> >

Palestina Peringati 76 Tahun Nakba di Tengah Pembantaian di Gaza

Kompas dunia | 14 Mei 2024, 19:37 WIB
Pengungsi Palestina tiba di Gaza tengah setelah melarikan diri dari kota Rafah di Gaza selatan di Deir al Balah, Jalur Gaza, pada Kamis, 9 Mei 2024. Warga Palestina pada Rabu, 15 Mei 2024, akan memperingati 76 tahun Nakba atau pengusiran ratusan ribu warga Palestina dari wilayah yang sekarang menjadi Israel. (Sumber: AP Photo)

Serangan Israel memaksa sekitar 1,7 juta warga Palestina, sekitar tiga perempat populasi Gaza, untuk melarikan diri dari rumah mereka, sering berkali-kali.

Jumlah tersebut lebih dari dua kali lipat jumlah warga Palestina yang melarikan diri sebelum dan selama perang 1948.

Israel telah menutup perbatasannya. Mesir hanya memperbolehkan sejumlah kecil warga Palestina untuk pergi, sebagian karena khawatir akan terjadi arus masif pengungsi Palestina yang dapat menyebabkan krisis pengungsi jangka panjang lainnya.

Masyarakat internasional sangat menentang setiap pengusiran massal warga Palestina dari Gaza, gagasan yang dianut oleh anggota sayap kanan jauh pemerintah Israel, yang menyebutnya sebagai "emigrasi sukarela."

Israel telah lama meminta agar para pengungsi tahun 1948 diserap negara-negara lain, dengan mengatakan tuntutan untuk kembali mereka tidak realistis dan akan membahayakan eksistensinya sebagai negara mayoritas Yahudi.

Israel merujuk pada ratusan ribu orang Yahudi yang datang ke Israel dari negara-negara Arab selama kekacauan yang terjadi setelah pendiriannya di atas tanah Palestina, meskipun sedikit dari mereka yang ingin kembali.

Baca Juga: Murka dengan Israel, Mesir Dukung Afrika Selatan dalam Gugatan di Mahkamah Internasional

Anak-anak Palestina, yang menjadi pengungsi akibat serangan udara dan darat Israel di Jalur Gaza, bermain bersama saat mereka berdiri di tenda darurat di Deir al Balah, Senin, 13 Mei 2024. (Sumber: AP Photo)

Bahkan jika warga Palestina tidak diusir secara massal dari Gaza, banyak yang khawatir mereka tidak akan pernah bisa kembali ke rumah mereka atau kehancuran yang ditimbulkan di wilayah itu akan membuatnya tidak mungkin untuk tinggal di sana.

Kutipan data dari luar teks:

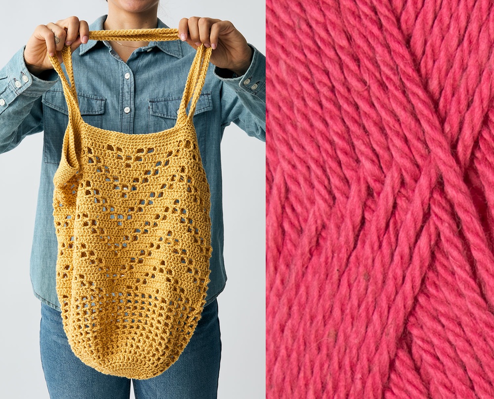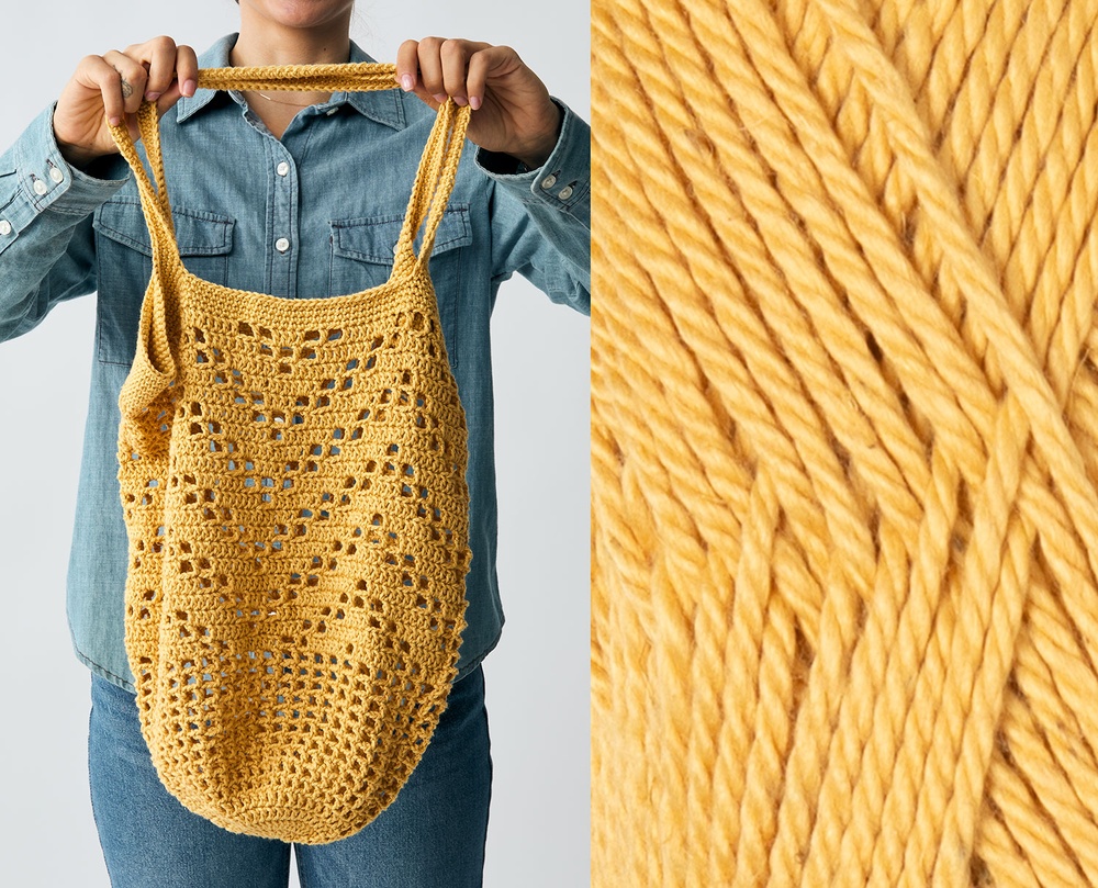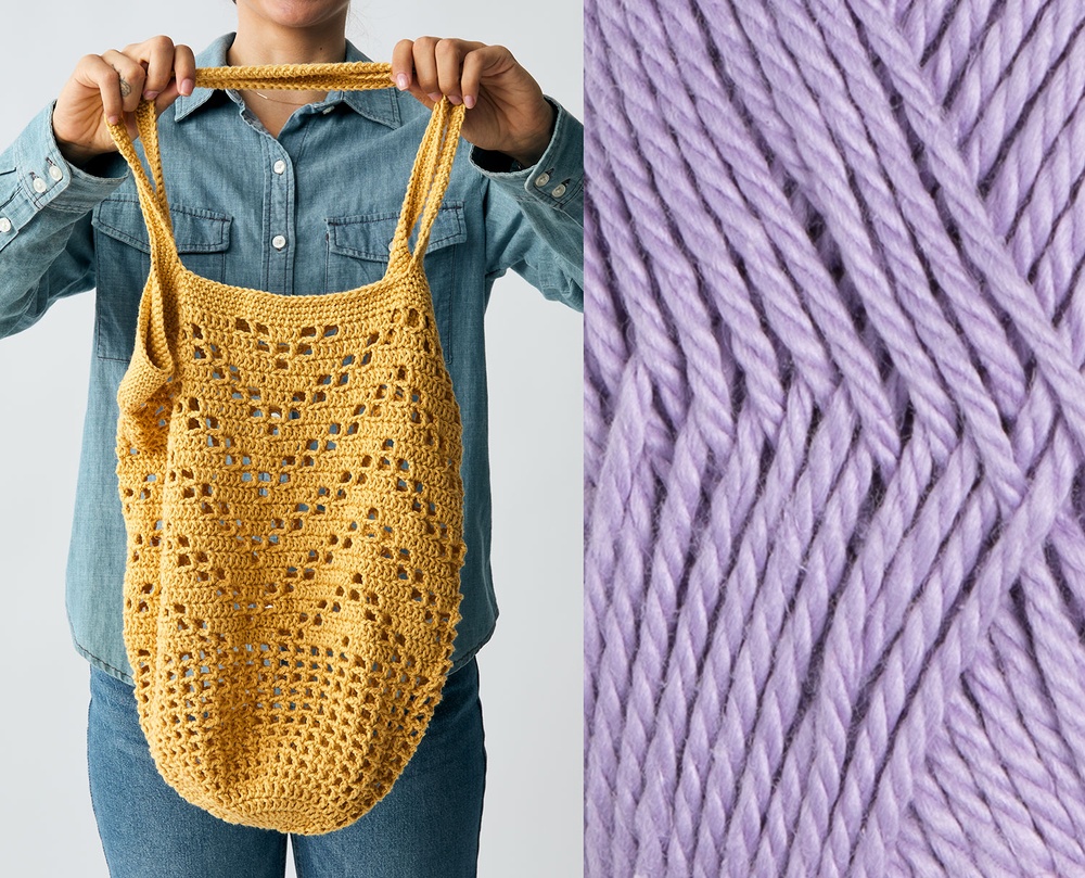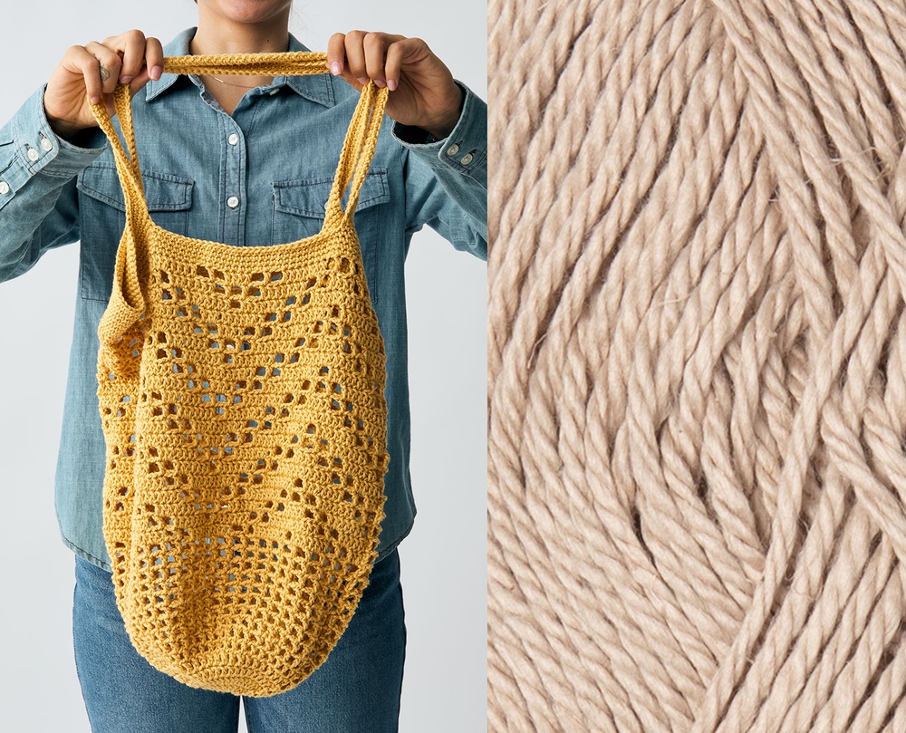 The kit comes with 4 skeins of DillyDally DK, a plant-fiber blend made from 70% Pima cotton, 20% bamboo, and 10% hemp. That combination means it’s soft against your hands while you work, and the finished bag has a nice drape and sheen with real structural strength for hauling groceries, beach gear, or a few crochet projects.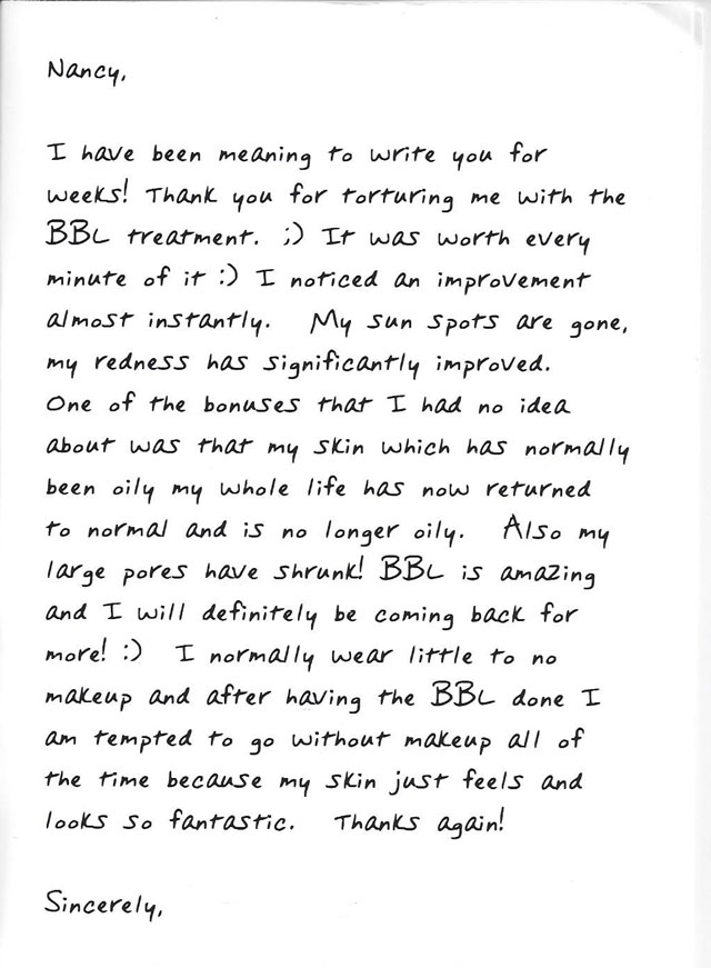 I have been meaning to write you for weeks! Thank you for torturing me with the BBL treatment. :) It was worth every minute of it. :) I noticed an improvement almost instantly. My sun spots are gone, my redness has significantly improved. One of the bonuses that I had no idea about was that my skin which has normally been oily my whole life has now returned to normal and is no longer oily. Also my large pores have shrunk! BBL is amazing and I will definitely be coming back for more! J I normally wear little to no makeup and after having the BBL done I am tempted to go without makeup all of the time because my skin just feels and looks so fantastic. Thanks again! Sincerely,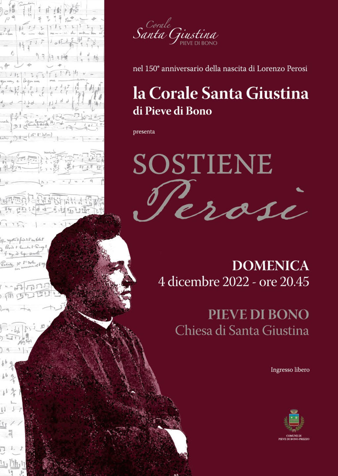 Il concerto del 4 dicembre è un omaggio a Monsignor Lorenzo Perosi (Tortona, 21 dicembre 1872 – Roma, 12 ottobre 1956) in occasione del 150° anniversario dalla nascita. Perosi è stato un presbitero, compositore e direttore di coro italiano. Autore di musica sacra, noto per i suoi oratori, le sue messe polifoniche e i suoi mottetti, fu un compositore molto prolifico.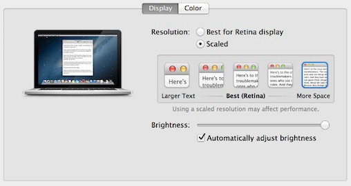 Хотя Apple и позиционирует новый экран как Retina -- эта марка присваивается дисплеям, на которых человеческий глаз не в состоянии различить отдельные точки, — все же плотность точек здесь ниже, чем у экранов на iPhone и на новом поколении iPad. У дисплея MacBook Pro Retina плотность разрешения составляет 220 тнд, в то время как у планшетного компьютера iPad, представленного в марте, она равна 264 тнд, а у iPhone – 326 тнд. Но поскольку расстояние от глаз до экрана компьютера больше, чем до экрана смартфона или планшетного компьютера, разница становится незаметной.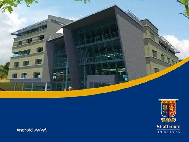 of this lecture, each student should: • Understand the meaning of Architecture of an app and its advantages. • Understand what are Google’s Architecture Components. • Understand the MVVM Android Architecture. • Understand using ROOM, Retrofit and Repositories in the Model layer of the MVVM Architecture. • Understand using ViewModels, Lifecycles, LiveData in the ViewModel layer of the MVVM Architecture. • Understand using DataBinding and ViewBinding in the View layer of the MVVM Architecture. • Understand how to connect the different layers using Dagger2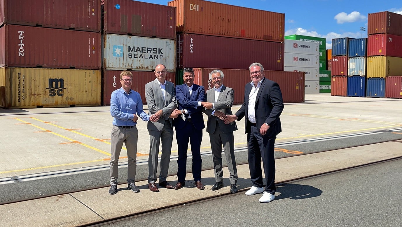 Foto: © Contargo / Bildlegende: (v.l.n.r.) Christian Epple, Manager Business Development & Projects Contargo, Jürgen Albersmann, Geschäftsführer Contargo / Andreas Stolte Geschäftsführer DeltaPort / Dieter Thurm, Technischer Leiter DeltaPort / Sascha Noreika, Geschäftsführer Contargo Rhein-Waal-Lippe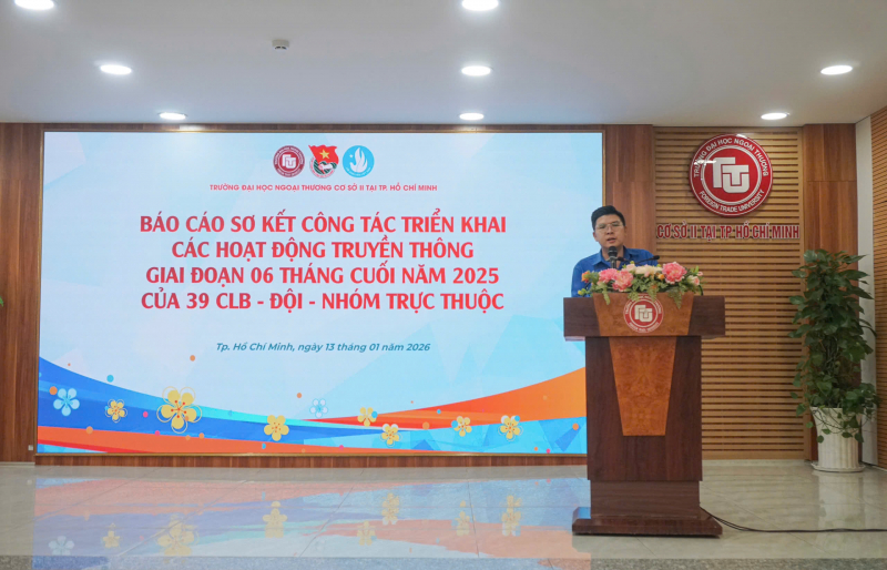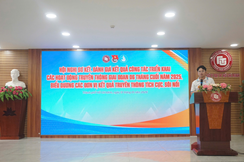 Tại Hội nghị, đồng chí Nguyễn Trần Minh Khôi - Phó Bí thư Đoàn trường đã trình bày báo cáo chi tiết, toàn diện về tình hình triển khai hoạt động truyền thông trong 06 tháng cuối năm 2025, phân tích các kết quả nổi bật, số liệu tiếp cận - tương tác, mức độ đồng bộ hình ảnh, thông điệp truyền thông giữa Đoàn trường, Hội Sinh viên và các CLB/Đội/Nhóm/Cộng đồng trực thuộc; đồng thời chỉ rõ những tồn tại, hạn chế cần khắc phục trong thời gian tới.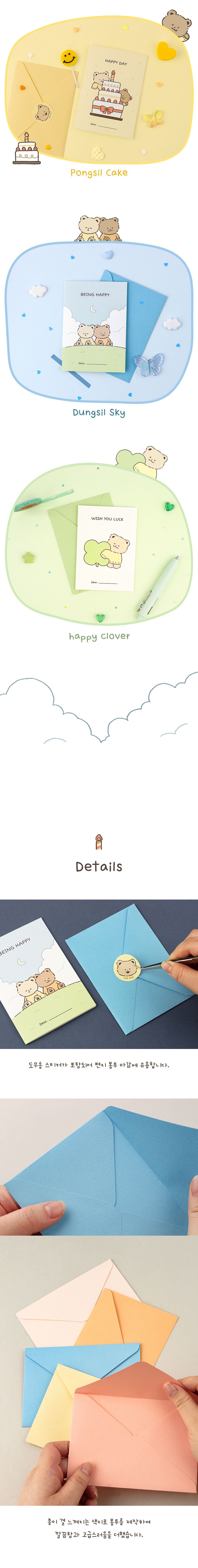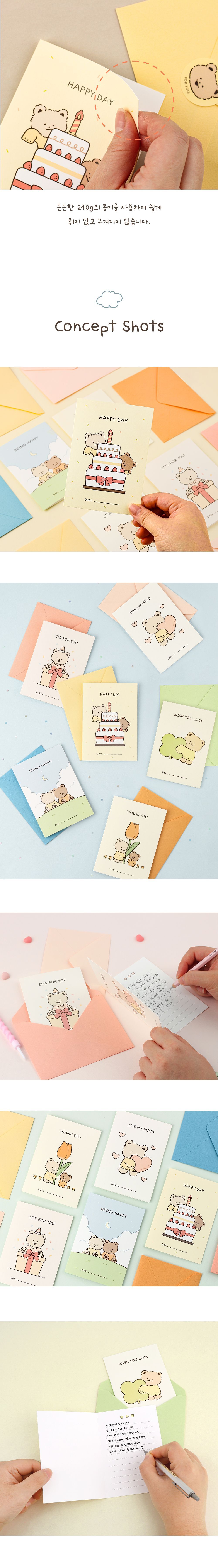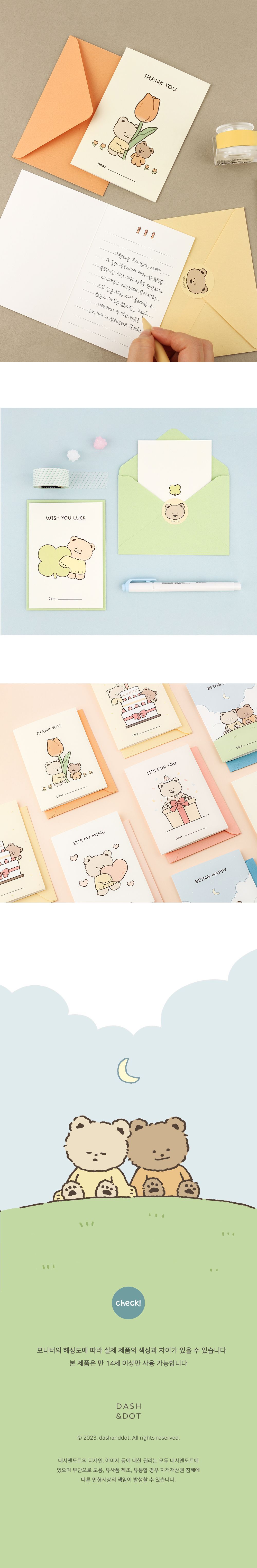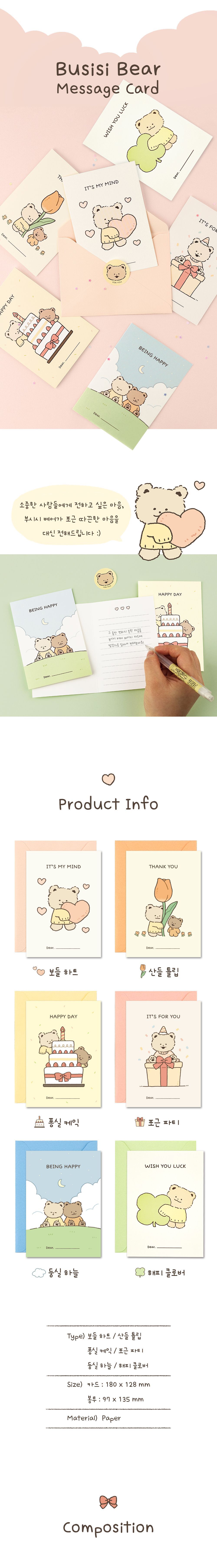 | 제품구성품 | 부시시 베어 메시지 카드 1종 + 편지 봉투 1종 + 도무송 스티커 1종 | ||

Perkiraan PBB baru-baru ini mengatakan, dibutuhkan hingga tahun 2040 untuk membangun kembali rumah-rumah yang hancur di Gaza.

Pada 1948, ratusan desa Palestina yang ditinggalkan penduduknya dihancurkan setelah perang, sementara orang-orang Israel pindah ke rumah-rumah warga Palestina di Yerusalem, Jaffa, dan kota-kota lain.

Di Gaza, Israel melakukan serangan militer yang paling mematikan dan merusak dalam sejarah baru-baru ini, kadang-kadang menjatuhkan bom 900 kilogram di area permukiman yang padat.

Seluruh lingkungan telah menjadi tanah kosong yang dipenuhi puing-puing dan jalan-jalan berlubang, banyak di antaranya dipenuhi dengan bom yang belum meledak.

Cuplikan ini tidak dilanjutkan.